Step 3: Create a CloudWatch Events Rule and Link to the Lambda Function for Debugger
To create a CloudWatch Events rule and link to the Lambda function for Debugger
Open the CloudWatch console at https://console.aws.amazon.com/cloudwatch/
. -
In the left navigation pane, choose Rules under the Events node.
-
Choose Create rule.
-
In the Event Source section of the Step 1: Create rule page, choose SageMaker for Service Name, and choose SageMaker Training Job State Change for Event Type. The Event Pattern Preview should look like the following example JSON strings:
{ "source": [ "aws.sagemaker" ], "detail-type": [ "SageMaker Training Job State Change" ] }
-
In the Targets section, choose Add target*, and choose the debugger-rule-stop-training-job Lambda function that you created. This step links the CloudWatch Events rule with the Lambda function.
-
Choose Configure details and go to the Step 2: Configure rule details page.
-
Specify the CloudWatch rule definition name. For example, debugger-cw-event-rule.
-
Choose Create rule to finish.
-
Go back to the Lambda function configuration page and refresh the page. Confirm that it's configured correctly in the Designer panel. The CloudWatch Events rule should be registered as a trigger for the Lambda function. The configuration design should look like the following example:
Run Example Notebooks to Test Automated Training Job Termination
You can run the following example notebooks, which are prepared for experimenting with stopping a training job using Debugger's built-in rules.
-
Amazon SageMaker Debugger - Reacting to CloudWatch Events from Rules
This example notebook runs a training job that has a vanishing gradient issue. The Debugger VanishingGradient built-in rule is used while constructing the SageMaker TensorFlow estimator. When the Debugger rule detects the issue, the training job is terminated.
-
Detect Stalled Training and Invoke Actions Using SageMaker Debugger Rule
This example notebook runs a training script with a code line that forces it to sleep for 10 minutes. The Debugger StalledTrainingRule built-in rule invokes issues and stops the training job.

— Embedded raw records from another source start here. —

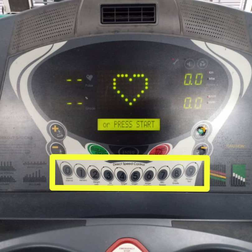 When the user presses the number 1 button, the fingertip able to feel the exerted forces to the surface of the buttons. The user can feel when the button is pushed downward. A clear and well-specified labelling helps the users to perform the task well even though the button has the same shape or colour. The numerical buttons have the same colour and shape but the clear labeling under each button helps the user to perform the task easier. The user will press the button with number 1 on it for Aerobic program.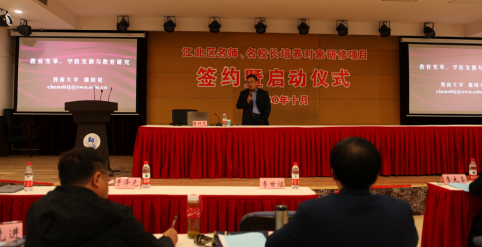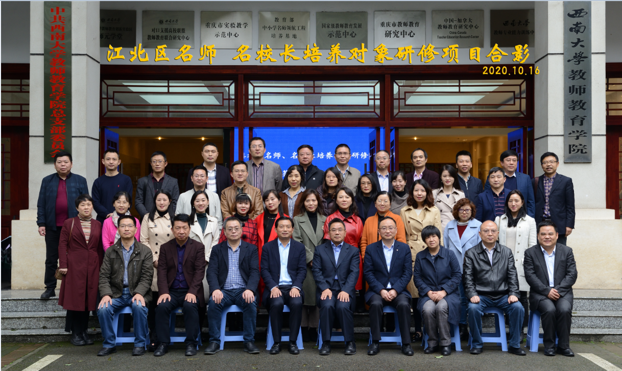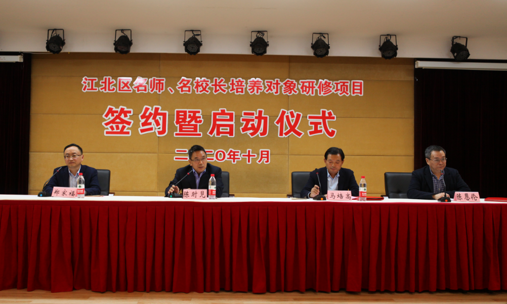 丹桂飘香、金风送喜。2020年10月16日,江北区名师、名校长培养对象研修项目签约暨启动典礼在76net必赢官网隆重举行。76net必赢官网副校长陈时见、江北区教育党工委书记、教委主任马培高、教师教育学院党总支书记郑家福、院长陈恩伦、党总支副书记张学斌、副院长李世讴、继续教育办公室主任罗丽君、知名教授团队及全体名师、名校长培养对象出席项目启动典礼,典礼由郑家福主持。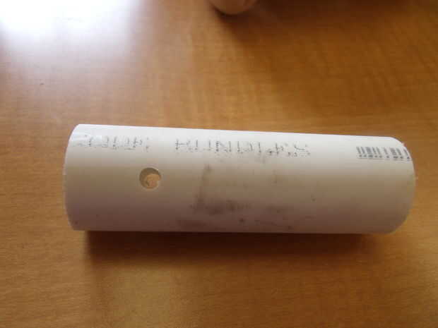 2) corte el PVC a 3.25" largos y otro 1/8" taladro 2.5" del final. - 2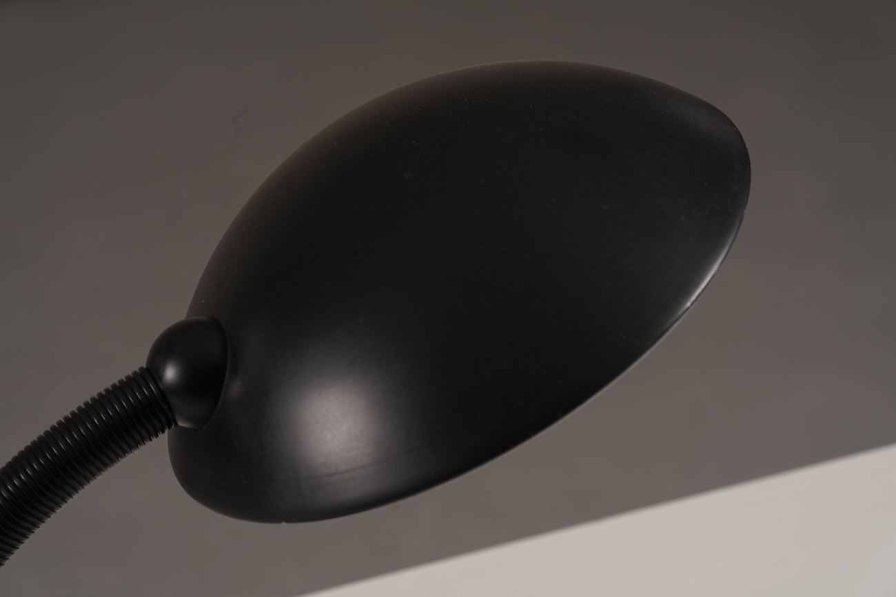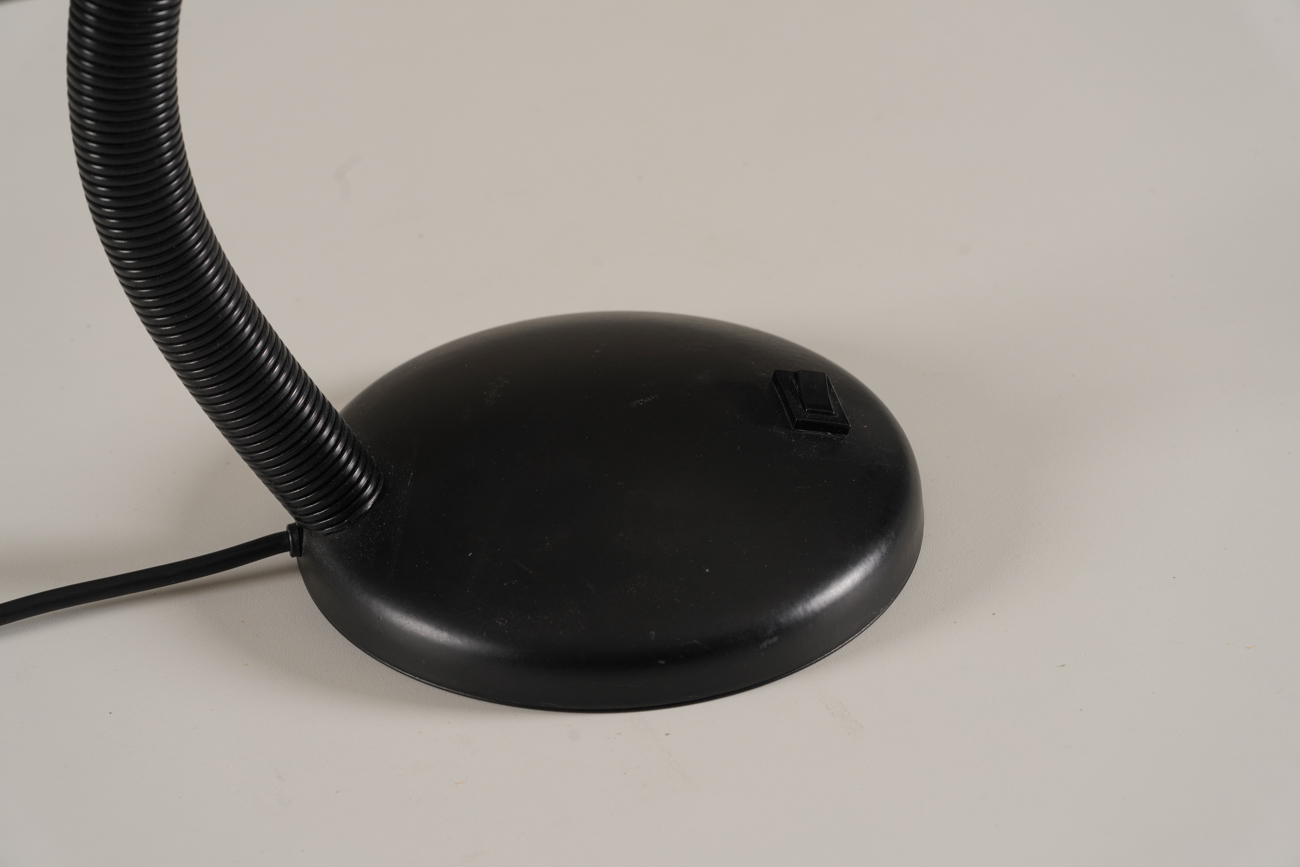 A classic vintage black gooseneck desk lamp from Germany, produced by Hustadt Leuchten in the 1970’s. This Bauhaus-inspired lamp features a flexible metal neck and a sleek black metal shade, combined with durable plastic elements for functionality.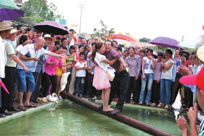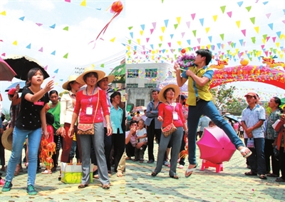 当天,在大明山脚下的马头骆越文化广场,聚满了前来观光旅游的游客和马头十里八乡的群众数千人,精彩的文艺演出和丰富多彩的民间民俗表演、竞技活动调动了广大人民群众的参与热情。开幕式精彩的文艺演出之后,打陀螺、抛绣球、三人拔河、背水顶竹杠、壮族回娘家、水斗戽水、棋三、虎棋、抓鱼等众多妙趣横生的项目闪亮登场,吸引了在场的观众,喝彩加油声和着欢声笑语,把整个广场变成了欢乐的海洋。瞧!那“摸鱼趣味游泳竞技”活动最热闹,围观者也是捕捞者,捕获丰收大家分享,最开心的是亲身体验久违的捕鱼习俗。那打陀螺、抛绣球、背水顶竹杠、水斗戽水、下棋三等项目,都是来源于壮族人民最熟悉、最亲切的生产生活,吸引了不少游客参与。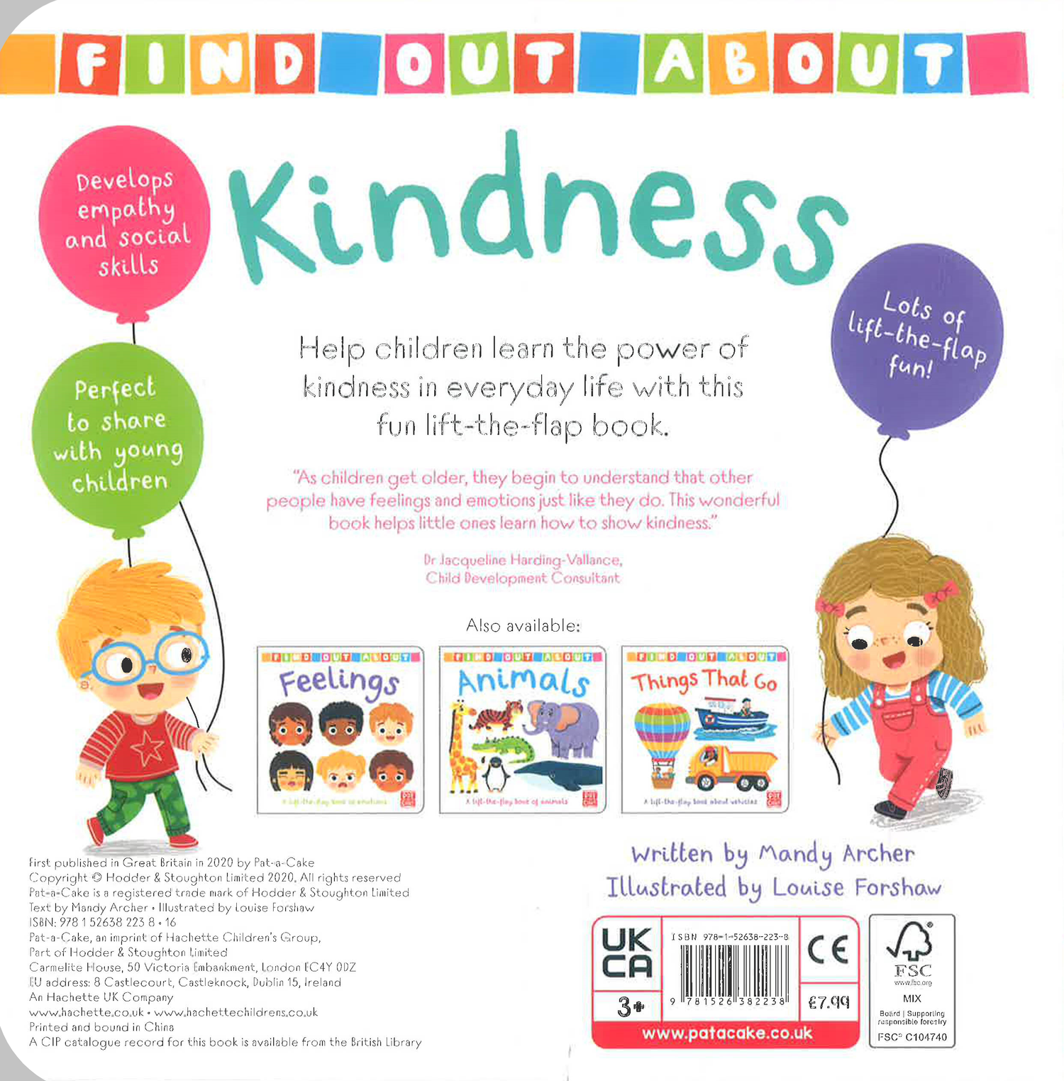 Find Out About: Kindness helps busy preschoolers learn about their interactions with others as they start to experience nursery, school and the wider world. Featuring friendly child characters and familiar situations with siblings, friends and family, they will learn to empathise and socialise others. With fun flaps to lift, this is an excellent book for children and parents to share together.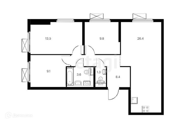 Общая площадь 72 м2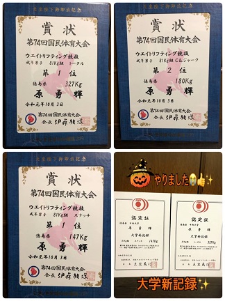 201910/07 2019国体in茨城 少将本番 私生活 0 10月3日(木) 上野駅に朝7時前に行き7時の特急に乗り茨城県高萩市へ! 少将やりました!! スナッチ競技優勝!! C&J2位!! トータルでも優勝です!! 気持ちよく、徳島に帰れます!! もぉー時間無いので帰ります!! 明日の新聞が楽しみだ!! お疲れ様! 少将!! [15回]PR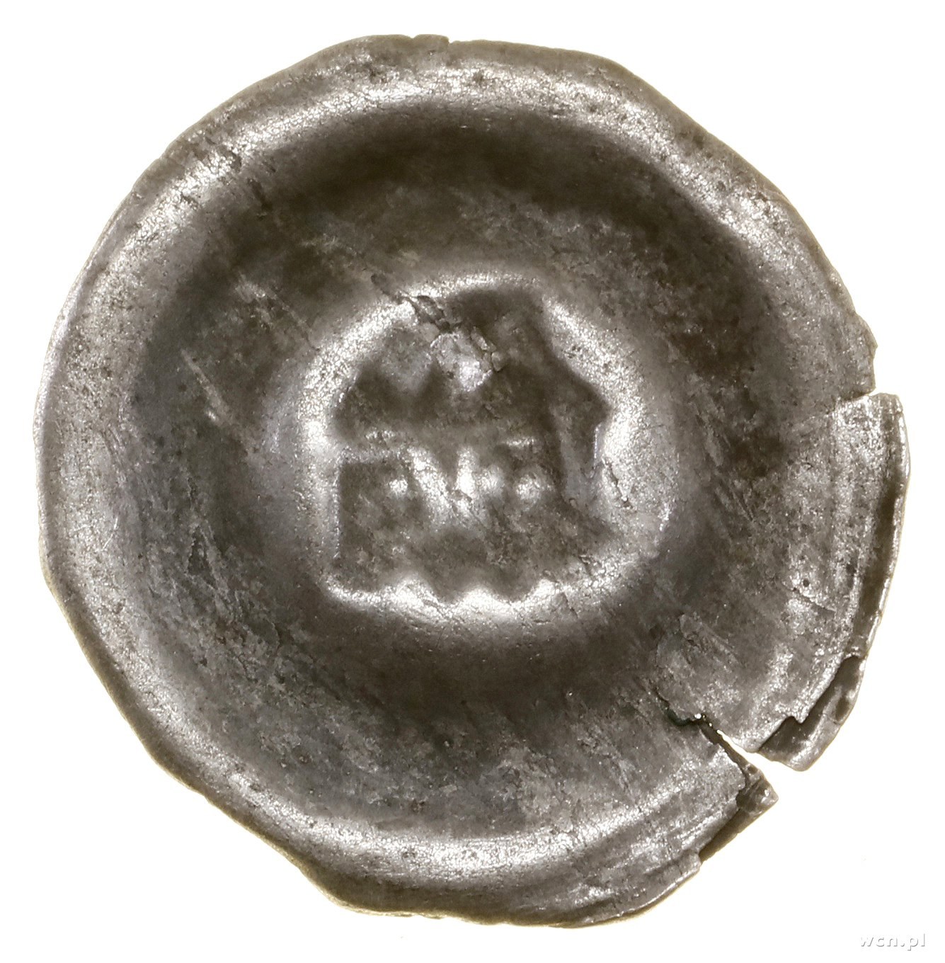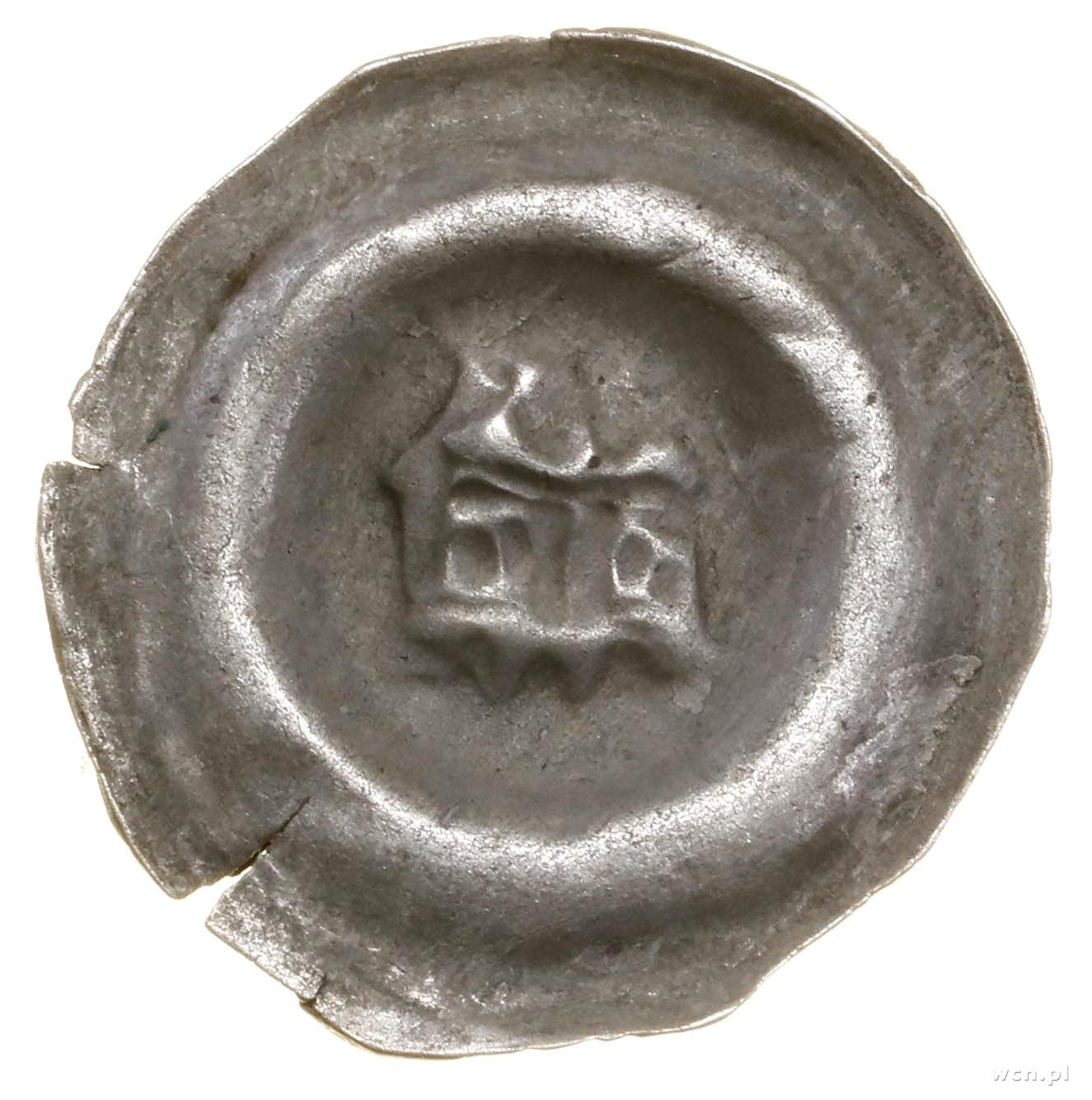 Władysław Łokietek (1305–1333), Brakteat, bez daty (ok. 1305–1320); Dwie wieże o stożkowych dachach, z pojedynczymi oknami, stojące na podstawie z trzech połączonych arkad; BRP Kroczyce 16, BRP Przyłęk 54/I, Frynas P.11.16 (VR), Kop. 311ds; srebro, 16.1 mm, 0.21 g; pęknięcie kołnierza i wału, moneta wybita dwukrotnie.

Disable the CloudWatch Events Rule to Stop Using the Automated Training Job Termination
If you want to disable the automated training job termination, you need to disable the CloudWatch Events rule. In the Lambda Designer panel, choose the EventBridge (CloudWatch Events) block linked to the Lambda function. This shows an EventBridge panel below the Designer panel (for example, see the previous screen shot). Select the check box next to EventBridge (CloudWatch Events): debugger-cw-event-rule, and then choose Disable. If you want to use the automated termination functionality later, you can enable the CloudWatch Events rule again.